One thing business reporters should keep an eye on going forward is what share of the home improvement market are DIY projects. Harvard University’s Joint Center for Housing Studies found that spending on DIY projects had been on the decline for quite some time. The center provided multiple reasons for why this was the case, like growing income leading to a willingness to hire private contractors, and an homeowner population that is older and less likely to take on home improvement projects on their own. DIY projects are also favored now  to mitigate the health risks of bringing a contractor into their homes. So what does consumer’s newfound willingness to undertake projects on their own mean for the future of the private contractor business going forward?

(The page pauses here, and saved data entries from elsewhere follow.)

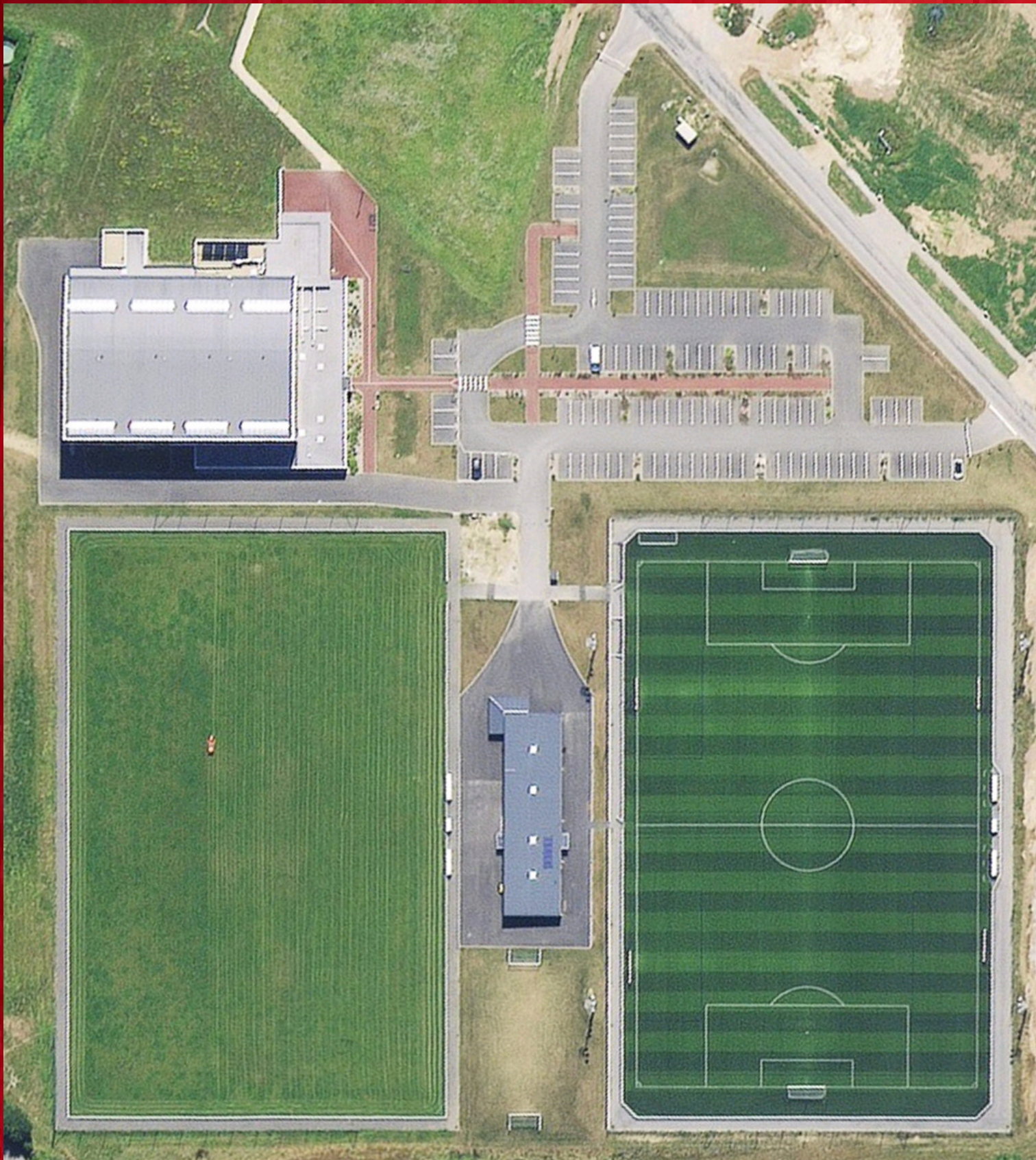
LE COMPLEXE SPORTIF SPORT TI BRECH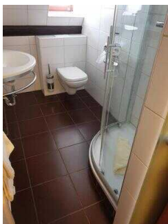
3. OG: Bad im Zimmer 307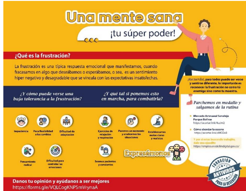
Figura 4 Boletín La frustración

Nota: boletín programado para difundirse en el mes de abril del presente año, acompañado de estos enlaces: Mercado Artesanal Sanalejo Parque Bolívar https://acortar.link/4szJnQ , Cómo abordar la escena https://acortar.link/xMCOx0 , Y por si estas buscando trabajito, dale una ojeadita https://empleo.medellindigital.gov.co/ , Danos tu opinión y ayúdanos a ser mejores https://forms.gle/hpq2B5ts22CK76Y66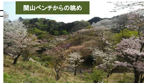
関山ベンチからの眺め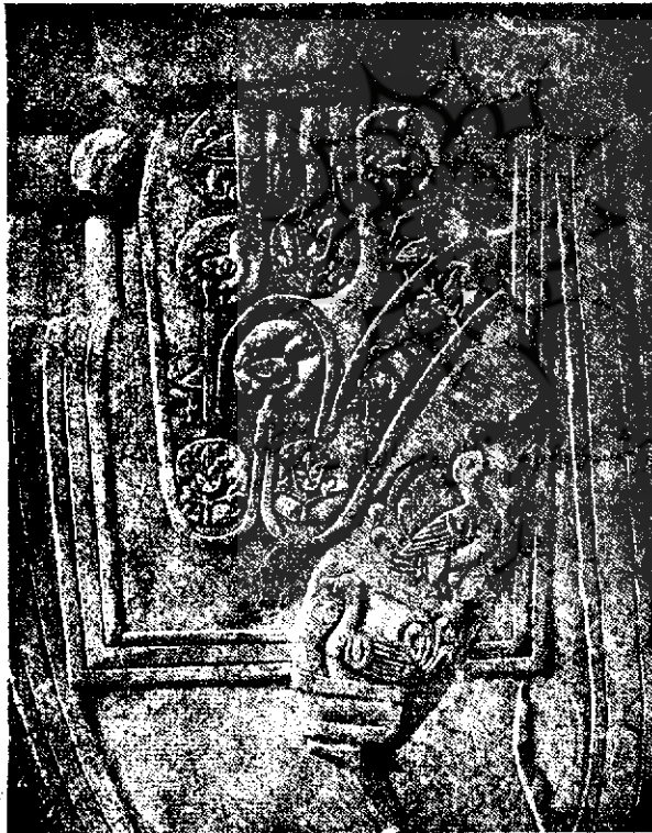
شکل ۲ - حجاری طاق بستان

در مجسمه سواره خسرو دوم پادشاه (۵۹۰ - ۶۲۹) شنل او یکی از آن نقش‌های مطلوب صنایع ساسانی را دارد و آن عبارتست از ازدهای طاوسی شکل که سرش سر حیوان گوشت خوار و پنجه‌های آن پنجه شیرست و در بوته حاشیه داریست که تقریباً عین آنرا در يك پارچه ابریشمی (گلهای سبز بر متن زرد) در موزه «ویکتوریا و آلبرت» ۱ در لندن می‌توان دید. روی دو نقش برجسته بزرگی که از شکارهای خسرو دوم (در حدود ۶۲۰)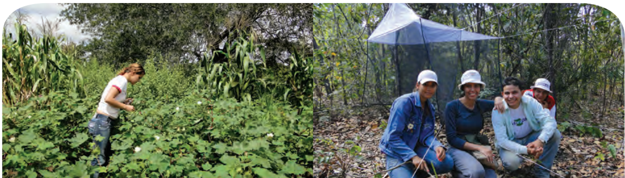
Coleta de abelhas nos algodoeiros em Prata - PB (foto à esquerda) e armadilha Malaise instalada em vegetação natural de cerrado em Mundo Novo - GO (foto à direita).

Ainda não sabemos se estamos perdendo polinizadores nas áreas que estudamos, mas com esses estudos, passamos a conhecer muitas espécies de abelhas que ainda não tinham sido registradas para esses locais. Agora que conhecemos as espécies vai ficar mais fácil conservá-las.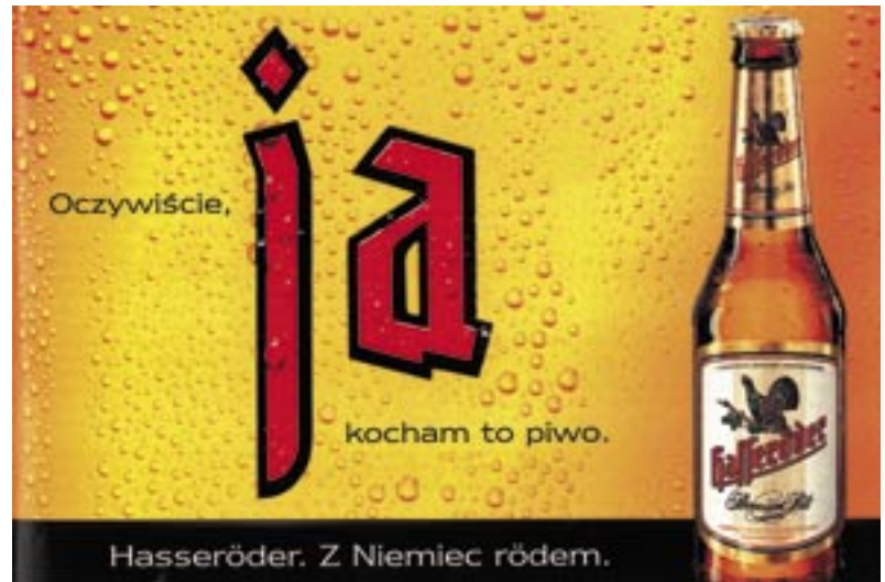
Produktwerbung in Polen: „Natürlich, ich liebe dieses Bier ...“

Dies sind einige der Tendenzen, die die Sprachsituation in Polen heute prägen. Gerade die Tendenzen der Internationalisierung und der Vul-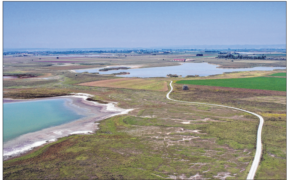
Szikes tavak, mint a Lange Lacke és a Wörthenlacke határozzák meg a táj arculatát.

nemzetközileg elismertté vált. A lakosság általi elfogadottságára a Fertőzugban könnyű választ adni: közel tízezer hektár védett terület több mint ezer család tulajdonát képezi, akik területük parlagon hagyásáért éves szinten pénzügyi kárpótlásban részesülnek a nemzeti park költségvetéséből. Ezen túlmenően a nemzeti park a helyi turizmus legmeghatározóbb márkájává nőtte ki magát, mely első sorban nemzetközi látogatókat vonz tavasszal és ősszel a térségbe. Az Európa egyik legjobb madármegfigyelődesztinációja „minősítést” a nemzeti park a megfelelő infrastruktúrának és a széles körű, egész éves programkínálatnak köszönhetően nyerte el. Európa „ablaka Ázsia felé”, továbbá az Alpok és a síkvidék közti átmenetre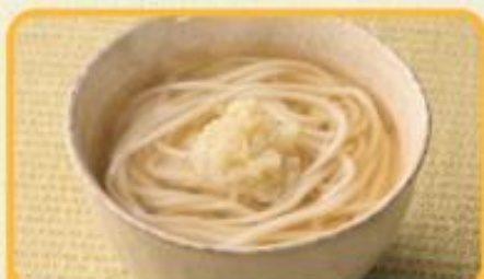
かけうどん 商品番号 0911 356円(税込)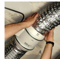
Montaż kanałów wentylacyjnych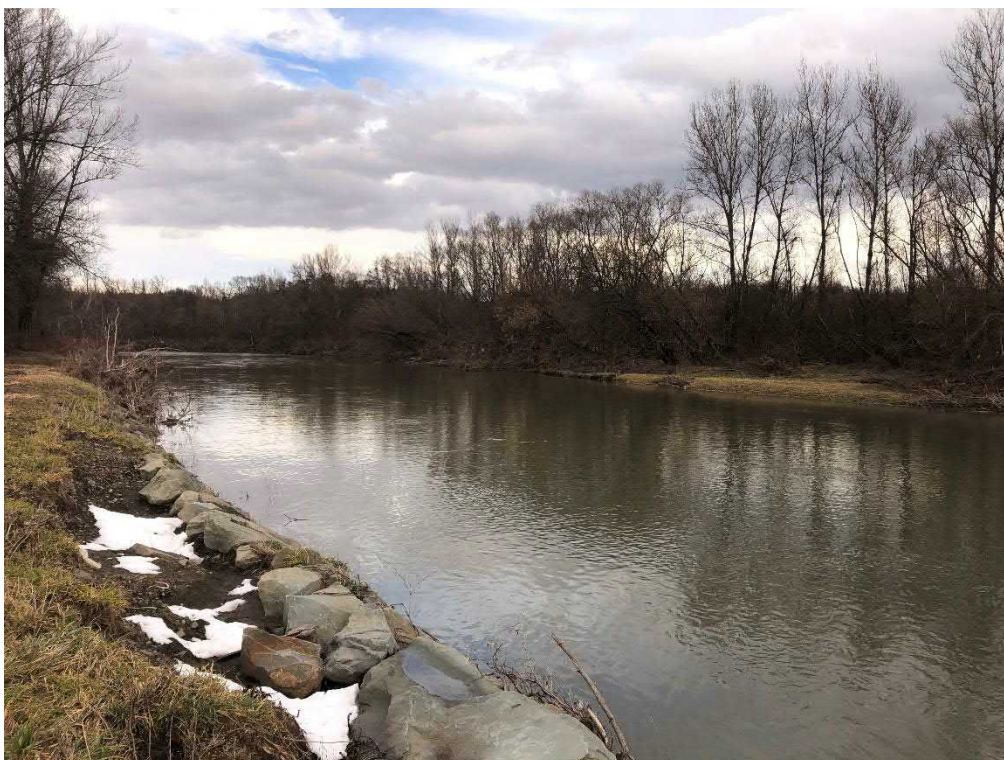
Karvinský potok před vyústěním do vodní plochy Kozinec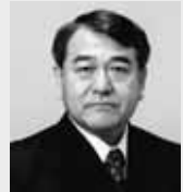
↑札幌旭丘高校出身の経済評論家・寺島美郎さんが講演

寺島氏の講演や食に関するパネルディスカッションを実施。 日時 2/25(金)午後3時~5時50分 会場・定員 共済ホール(中央区北4西1)。600人 申込 はがき、ファクス、Eメール。住所、氏名、電話番号を記入し、2/18(金)(必着)までに産業振興財団(〒003-0005白石区東札幌5の1、FAX815-9321、Eportal@sec.or.jp)へ。多数時抽選。申し込みはホームページ www.sec.or.jp/simple/keizai からも可 [詳細] 産業振興財団 ☎820-2062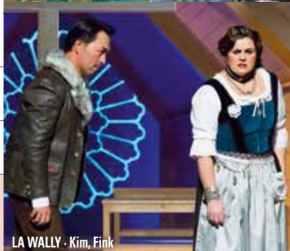
LA WALLY · Kim, Fink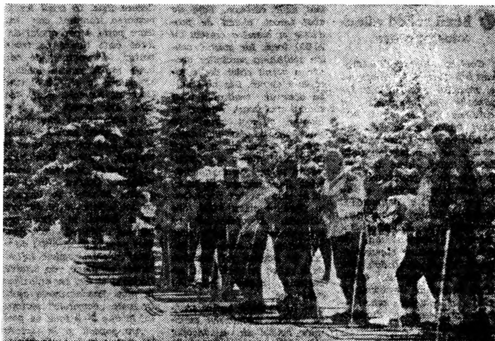
În așteptarea startului.

sportivi la Predeal, iar un alt lot, compus din cei mai mici schiori, a învățat tehnica schiului la Paring, unde cadrele de specialitate de la I.C.F. s-au ocupat de ei.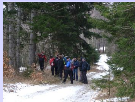
Na trase pochodu - plnění sazky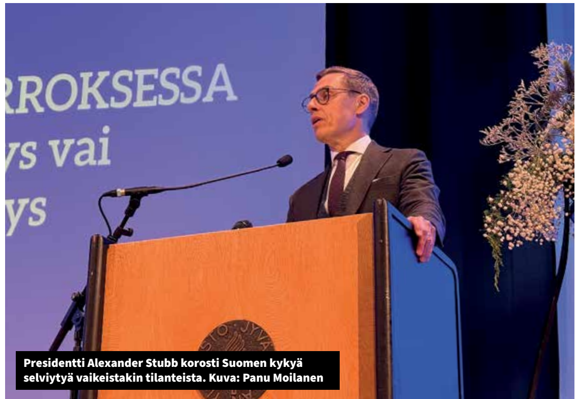
Presidentti Alexander Stubb korosti Suomen kykyä selviytyä vaikeistakin tilanteista.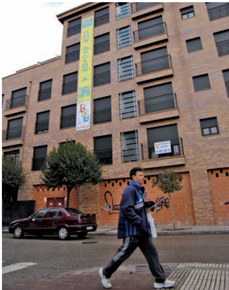
Pisos en venta en Madrid GENTE

Fijándose en los municipios, la capital se situó algo por debajo de la media regional, con una subida del 19,79% y un metro cuadrado que se eleva hasta los 3.623 euros, solo por detrás de Barcelona (4.788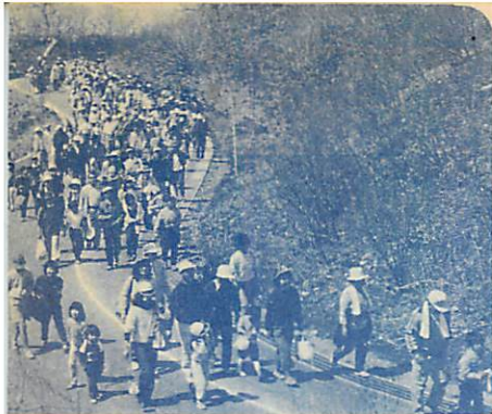
▲心地よい汗を流したムロランウォーク

五月晴れに恵まれた5月20日の日曜日。第34回測量山山開きが盛大に行われ、ポカポカ陽気に誘われて、約3万7千人の市民が参加。さわやかな春風に包まれ、楽しい1日を過ごしていました。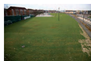
Forslag til placering af kunstgræs-fodboldbane, boldbaner samt klubhus

Den nordlige del af folkeparken med kunstgræsbanen rummer ca. 18.360m 2 af de i alt ca. 48.340m 2 aktivitetspark.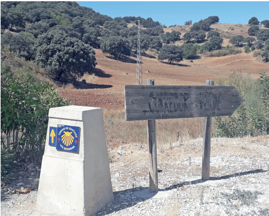
Figura 11. Señalización en Coripe (Sevilla)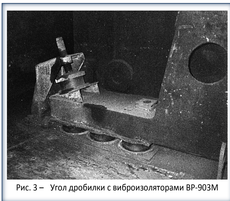
Рис. 3 – Угол дробилки с виброизоляторами ВР-903М

Дробилки ДМРЭ. Виброизоляция молотковых дробилок типа ДМРЭ осуществлялась как на общей раме – ДМРЭ 1000×1000 (ОАО «Днепродзержинский КХЗ») и ДМРЭ 1450×1300 (ОАО «Алчевский КХЗ»), так и в безрамном варианте – ДМРЭ 1450×1300 (ОАО «Запорожжокс»). Для виброизоляции дробилки ДМРЭ 1000×1000 (масса дробилки, электродвигателя, рамы составила 13,9 т; частота вынужденных колебаний – 16,6 Гц) было использовано 10 виброизоляторов типа ВР-903М (статическая жёсткость на сжатие – 1100 кН/м), а для дробилки ДМРЭ 1450×1300 (масса дробилки, двигателя, рамы – 27,0 т; частота вынужденных колебаний – 12,4 Гц) было использовано 15 виброизоляторов типа ВР-903М со статической жёсткостью 1400 кН/м. Для виброизолирующих систем на общей раме упорные виброизоляторы не изменялись.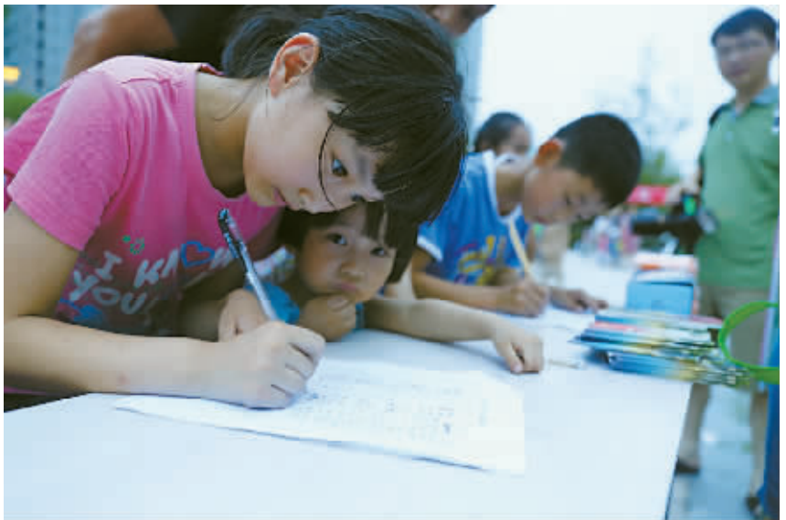
6月27日晚,余姚市凤山街道东江社区举行了小手拉大手,文明齐步走,全民共建“美丽家园”活动的启动仪式,60余名孩子在家长陪同下,踊跃报名参加美丽家园“小卫士”的招募。

In conclusion, there are multiple angles that business journalists can examine when reporting on how the home improvement industry has been impacted by the pandemic:

  • Consumer: What home improvement projects do consumers need done in their house? The size/complexity of the project can determine if homeowners can do it themselves or if they will need the expertise of private contractors.
  • Private Contractors: How have private contractors had their business impacted during this time? Do they see this as a temporary or permanent impact? What are they doing to mitigate any losses or prepare for the future?
  • Home improvement stores: What trends are these stores seeing with consumers purchases and how do they compare with past trends?

Another tip for business journalists is to look at building permits that have been applied for and approved in their community. For most work that is done on a house, a building permit is needed to ensure that everything meets regulations. By comparing permit numbers over the years, journalists can see just how much the pandemic has affected home improvement in their communities.